▶ _Goal of the exercise_
An exact transcription of all the records is required, minus the images.

:::::

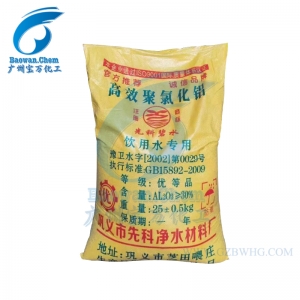 聚合氯化鋁的包裝以及注意事項⒈外用塑料編織袋,內有塑料薄膜套裝,每袋凈重25kg,還可根據用戶要求改裝,另有液體聚合氯化鋁銷售。
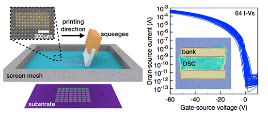 By employing cross-linkedorganic polymer banks to constrain the OSC (organic semiconductor) crystallization, the team realized scalable fabrication of highly crystalline organic semiconductor thin film by screen printing toward the low-cost fabrication of high-performance transistor arrays for the first time as shown in figure 1, (Adv. Mater.2019,31, 1807975).
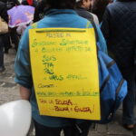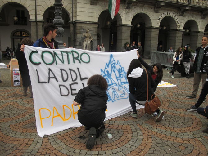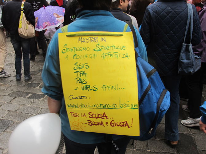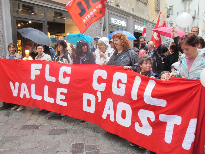 Tanti gli striscioni che ricordano le ragioni della protesta: la mancata condivisione della riforma, la questione dei dirigenti-sceriffi, l’incertezza sul futuro degli insegnanti della scuola dell’infanzia e sui precari in generale per i quali il disegno di legge prevede che chi ha superato i 36 mesi di lavoro a tempo determinato non venga assunto. Striscioni contro Renzi, che nei prossimi giorni dovrebbe arrivare in Valle d’Aosta per sostenere la candidatura a sindaco di Fulvio Centoz ma anche striscioni contro Augusto Rollandin (#gustestaisereno).
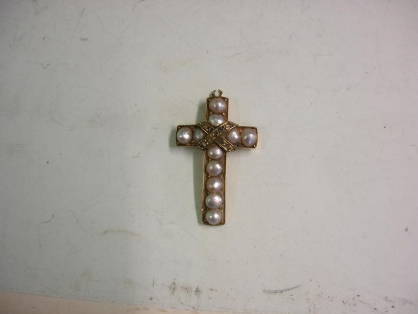A Gold Crucifix Set with seed pearls and old cut diamonds. 30mm high. Probably 18th century
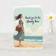 Designed with a calm coastal scene, the card shows a woman standing barefoot on warm sand near the shoreline, her full figure placed slightly left of center. A light breeze lifts her long dark hair and tugs at the hem of her muted teal dress, giving her pose a gentle, romantic softness ❤️. Behind her, the ocean stretches in quiet turquoise tones with small waves rolling in, while the sky fades from pale blue to creamy light with soft, fluffy clouds. Her eyes are closed and her face tilts slightly upward, as if she’s savoring the sun and sea air like a tender note from someone close. An earthy-toned satchel hangs from her shoulder, partly open to reveal a few practical items tucked inside. On the right side, the message “thank you for the steady love” appears in a flowing, dark ink style, balanced against the open sky. The horizon line sits low, and the foam of the waves traces a thin white edge where water meets sand 🌼, for sharing Mother's Day sentiments.
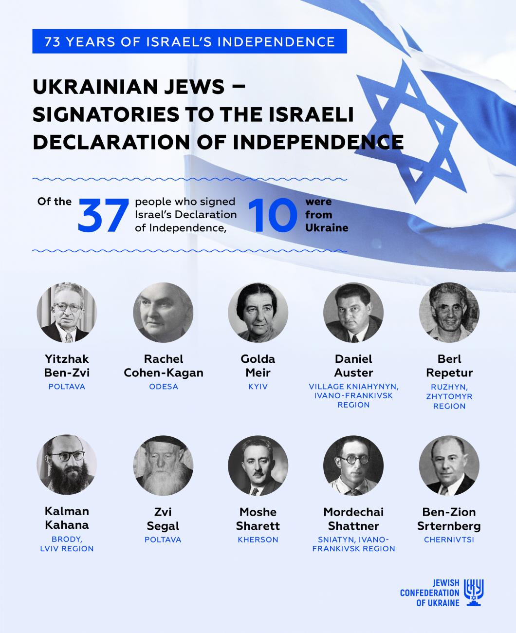 Among the pioneers referred to in the Declaration, there were also many Jews who came from the territory of current Ukraine. The Declaration itself was signed in the former house of the first mayor of Tel Aviv, Meir Dizengoff, a significant part of whose life was associated with Ukraine, wrote JCU President Boris Lozhkin on Facebook.
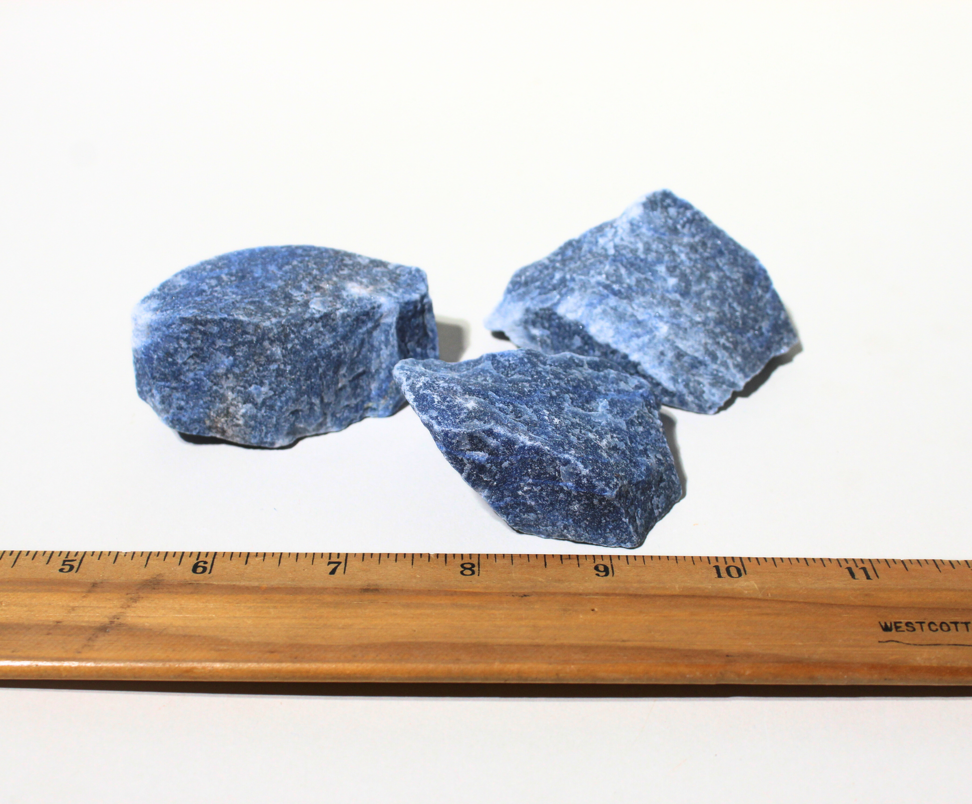 Use the drop-down to select either 1/2 Pound, 1 Pound, 3 Pound, 5 Pounds or 11 Pounds of large rough Blue Quartz stones! The photos are representative of the stones you will receive and are shown dry and wet to give you a better idea of the color and how the rocks will look once polished vs before.
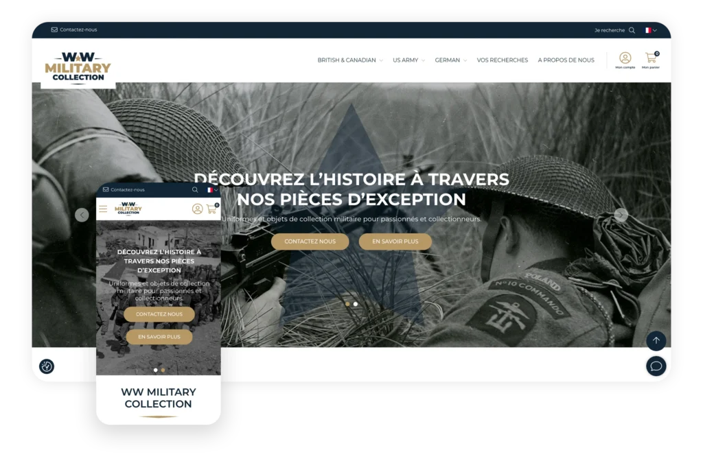 Le design, sobre et immersif, plonge l’utilisateur dans l’univers de la Seconde Guerre mondiale, tandis que l’optimisation SEO et les performances (responsive, balises ALT, meta descriptions, SSL, images WebP, maillage interne) garantissent une visibilité accrue et une expérience fluide pour les collectionneurs et passionnés d’histoire militaire.
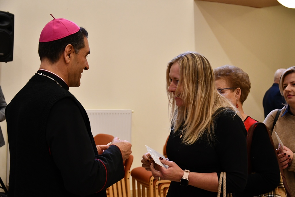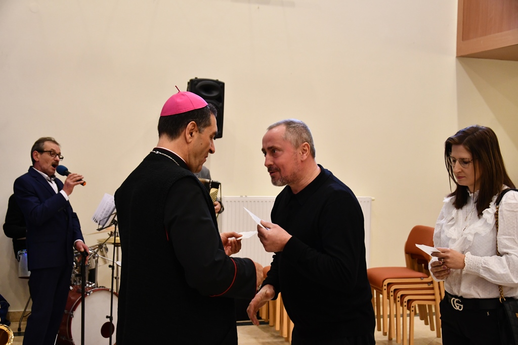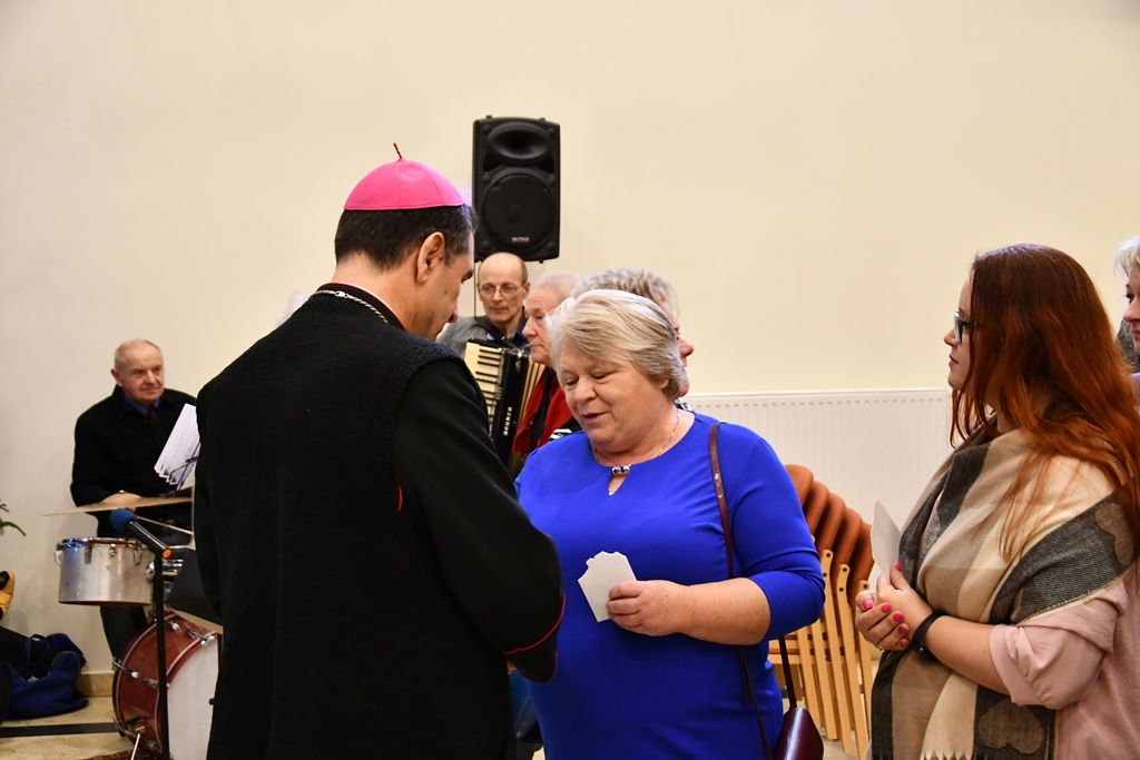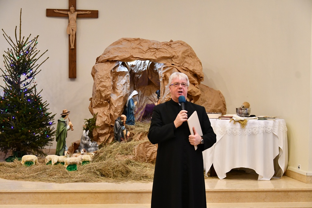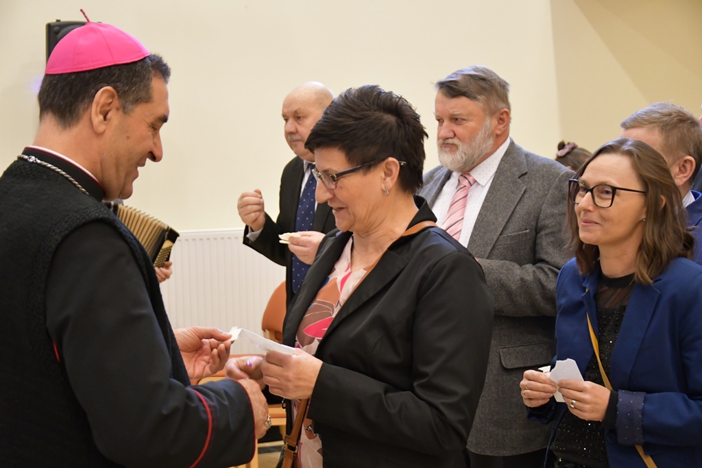 Odczytano fragment Ewangelii o narodzeniu Chrystusa, biskup pobłogosławił opłatki a następnie przełamując się nimi składano sobie wzajemnie życzenia. Ostatnim punktem spotkania była wspólna agapa.
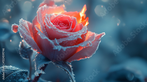 A frozen rose with fire licking its petals, the edges glowing red while the center remains icy blue.
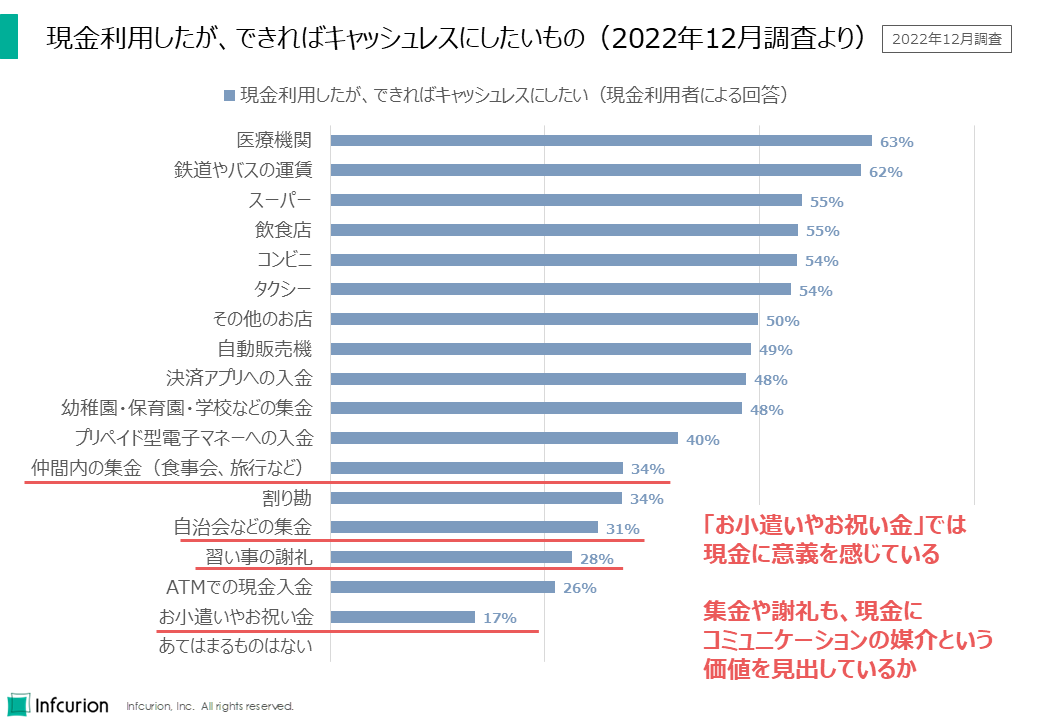 興味深いことに、個人間での現金のやりとりについては、現金のままにしておきたいという心理もあるようです。図7に、「現金利用したが、できればキャッシュレスにしたいもの」についての2022年12月の調査結果を示します。
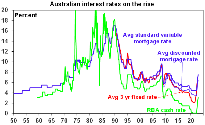 Further rate hikes from here will exceed the tightening cycles seen since 1990. Prior to 1990 the RBA cash rate was not officially announced, and short-term rates were very volatile. In the period January 1988 to November 1989 the overnight cash rate rose from 10.6% to 18.2% but mortgage rates were more regulated then and “only” rose from 13.5% to 17%. See the second chart below. Of course, household debt as a share of income was only 68% back then whereas its now 187% so rates shouldn’t have to go up anywhere near as much as they did in the 1980s to slow spending and hence inflation.
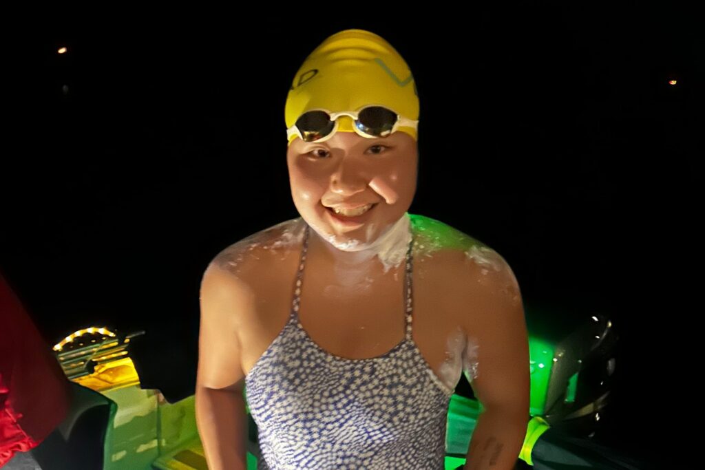 “I love how there’s no light at all when you start. We start at midnight or pretty early in the morning, so it’s just you swimming under the stars.”

:::::

▶ _Solved problem_
 聚合氯化鋁的包裝以及注意事項⒈外用塑料編織袋,內有塑料薄膜套裝,每袋凈重25kg,還可根據用戶要求改裝,另有液體聚合氯化鋁銷售。
 By employing cross-linkedorganic polymer banks to constrain the OSC (organic semiconductor) crystallization, the team realized scalable fabrication of highly crystalline organic semiconductor thin film by screen printing toward the low-cost fabrication of high-performance transistor arrays for the first time as shown in figure 1, (Adv. Mater.2019,31, 1807975).
 Tanti gli striscioni che ricordano le ragioni della protesta: la mancata condivisione della riforma, la questione dei dirigenti-sceriffi, l’incertezza sul futuro degli insegnanti della scuola dell’infanzia e sui precari in generale per i quali il disegno di legge prevede che chi ha superato i 36 mesi di lavoro a tempo determinato non venga assunto. Striscioni contro Renzi, che nei prossimi giorni dovrebbe arrivare in Valle d’Aosta per sostenere la candidatura a sindaco di Fulvio Centoz ma anche striscioni contro Augusto Rollandin (#gustestaisereno).
A Gold Crucifix Set with seed pearls and old cut diamonds. 30mm high. Probably 18th century
 Designed with a calm coastal scene, the card shows a woman standing barefoot on warm sand near the shoreline, her full figure placed slightly left of center. A light breeze lifts her long dark hair and tugs at the hem of her muted teal dress, giving her pose a gentle, romantic softness ❤️. Behind her, the ocean stretches in quiet turquoise tones with small waves rolling in, while the sky fades from pale blue to creamy light with soft, fluffy clouds. Her eyes are closed and her face tilts slightly upward, as if she’s savoring the sun and sea air like a tender note from someone close. An earthy-toned satchel hangs from her shoulder, partly open to reveal a few practical items tucked inside. On the right side, the message “thank you for the steady love” appears in a flowing, dark ink style, balanced against the open sky. The horizon line sits low, and the foam of the waves traces a thin white edge where water meets sand 🌼, for sharing Mother's Day sentiments.
 Among the pioneers referred to in the Declaration, there were also many Jews who came from the territory of current Ukraine. The Declaration itself was signed in the former house of the first mayor of Tel Aviv, Meir Dizengoff, a significant part of whose life was associated with Ukraine, wrote JCU President Boris Lozhkin on Facebook.
 Use the drop-down to select either 1/2 Pound, 1 Pound, 3 Pound, 5 Pounds or 11 Pounds of large rough Blue Quartz stones! The photos are representative of the stones you will receive and are shown dry and wet to give you a better idea of the color and how the rocks will look once polished vs before.
 Le design, sobre et immersif, plonge l’utilisateur dans l’univers de la Seconde Guerre mondiale, tandis que l’optimisation SEO et les performances (responsive, balises ALT, meta descriptions, SSL, images WebP, maillage interne) garantissent une visibilité accrue et une expérience fluide pour les collectionneurs et passionnés d’histoire militaire.
 Odczytano fragment Ewangelii o narodzeniu Chrystusa, biskup pobłogosławił opłatki a następnie przełamując się nimi składano sobie wzajemnie życzenia. Ostatnim punktem spotkania była wspólna agapa.
 A frozen rose with fire licking its petals, the edges glowing red while the center remains icy blue.
 興味深いことに、個人間での現金のやりとりについては、現金のままにしておきたいという心理もあるようです。図7に、「現金利用したが、できればキャッシュレスにしたいもの」についての2022年12月の調査結果を示します。
 Further rate hikes from here will exceed the tightening cycles seen since 1990. Prior to 1990 the RBA cash rate was not officially announced, and short-term rates were very volatile. In the period January 1988 to November 1989 the overnight cash rate rose from 10.6% to 18.2% but mortgage rates were more regulated then and “only” rose from 13.5% to 17%. See the second chart below. Of course, household debt as a share of income was only 68% back then whereas its now 187% so rates shouldn’t have to go up anywhere near as much as they did in the 1980s to slow spending and hence inflation.
 “I love how there’s no light at all when you start. We start at midnight or pretty early in the morning, so it’s just you swimming under the stars.”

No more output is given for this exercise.